Self-injurious behavior can have serious negative effects on health, quality of life, and inclusion for people with intellectual and developmental disabilities. NCI staff looked at the data from the National Core Indicators Adult Consumer Survey 2015-2016 and found significant disparities in outcomes and quality of life for the 3,617 people in the sample who were identified as needing support to manage self-injurious behavior (SIB), compared to those who were identified as not needing such support. The latest NCI data brief details their findings and describes ways states can use the results to improve service delivery.

In terms of prevalence, the proportion of people with SIB support needs ranged widely across states—from 12% to 45%—a possible indicator of differences in eligibility criteria for public supports or in definitions of SIB.

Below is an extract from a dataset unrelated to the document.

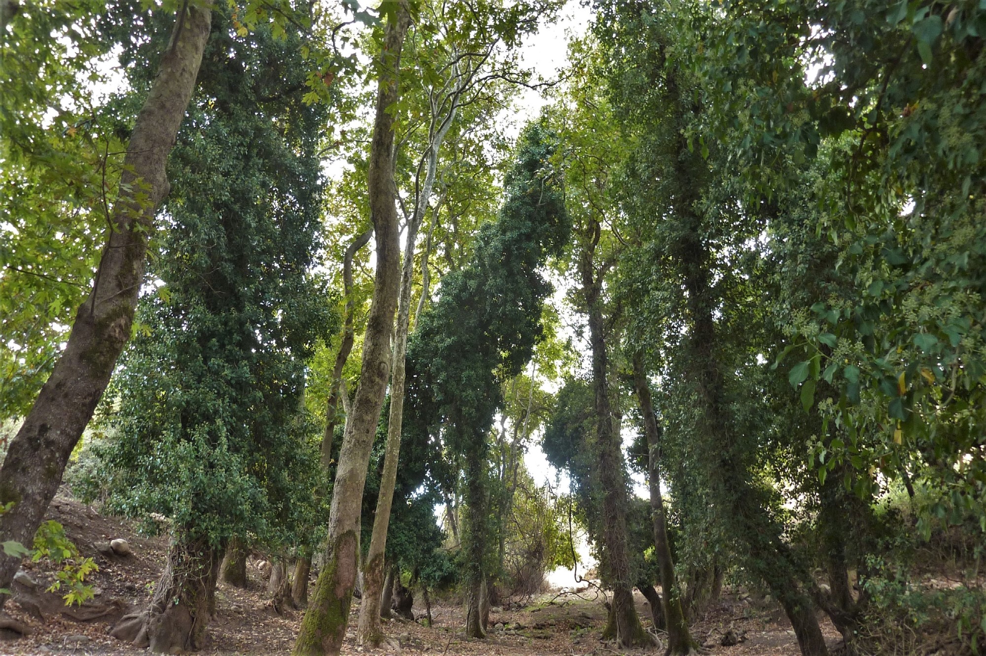 Wir folgen dem Wegweiser Richtung Ano Malaki, kommen im weiteren Verlauf an einer mit Steinen gepflasterten 02 Quelle (519 m) vorbei und überqueren eine Bergkuppe. Wir sehen rote Pfeile, die nach links weisen. Der Ausschilderung folgen wir auf der Schotterpiste Richtung Saitouris. Nur kurz später umlaufen wir ein schattiges Waldstück. Nach einer scharfen Rechtskurve endet unsere Piste und wir gehen links durch eine kleine Senke, rechts führt ein Bachbett in die Schlucht. Auf der Anhöhe ignorieren wir den linken Abzweiger. Wir treffen auf zwei aufeinanderfolgende Weggabelungen, an denen wir jeweils links gehen, um dann nach einem kurzen Anstieg, ca. 150 m, rechts weiterzuwandern. Bei der darauffolgenden Dreiwegegabelung gehen wir geradeaus weiter. Unsere Piste endet und wir gehen rechts, bis die Piste sich gabelt und wir halb links durch das Dickicht gehen. Diese Piste endet und auf einer weiteren Piste gehen wir rechts durch die Schlucht.
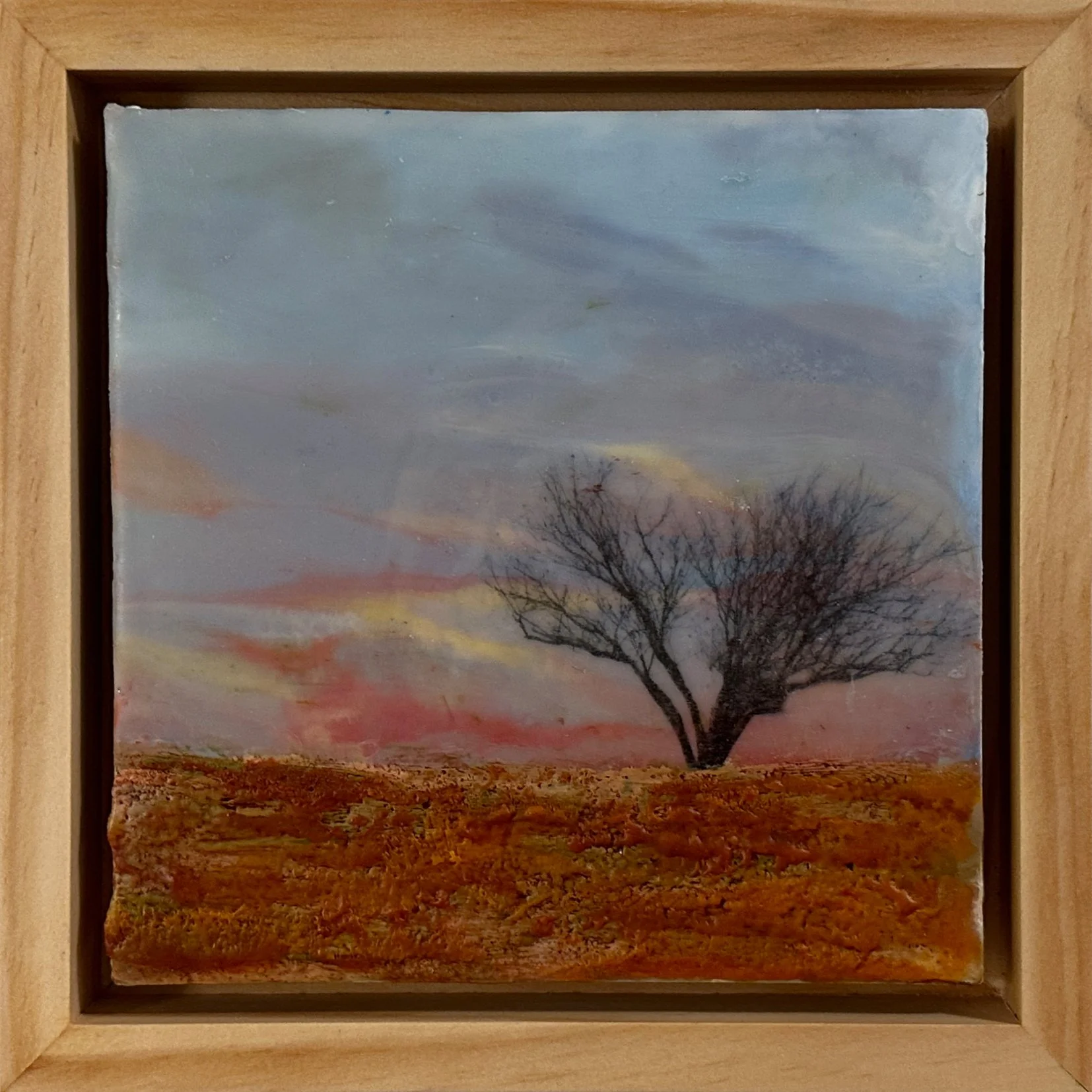 There is that beautiful time of day when the sun is going down and the color of the sky is magnificent. It changes the way everything looks. This painting captures that feeling for me.

In terms of characteristics and outcomes, those with SIB support needs were significantly more likely to have been diagnosed with a mood or anxiety disorder. And though 67% were identified as having behavior challenges, 44% of people with SIB support needs did not have a behavior plan in place. They were also significantly more likely to live in a group setting and were less likely to report that they like where they live, that they have friends beyond family and staff, and that they had input into major life decisions. They were also significantly more likely to prefer to communicate via gestures/body language or sign language or finger spelling.

Graph showing smaller proportions of respondents with SIB support needs have input into major life decisions.

Among other policy recommendations, NCI staff point to the importance of functional assessments and analysis in improving outcomes for people with SIB support needs; these assessments can help identify the underlying causes and the consequences of the behavior and determine ways to replace it with a functionally related appropriate alternative. They also note the importance of employing evidence-based and person-centered practices, such as Positive Behavior Supports (PBS), to ameliorate the intensity or presence of SIB, and suggest that states that allow aversive interventions may want to re-examine their policies on these interventions to determine whether they’re aligned with desired quality of life outcomes.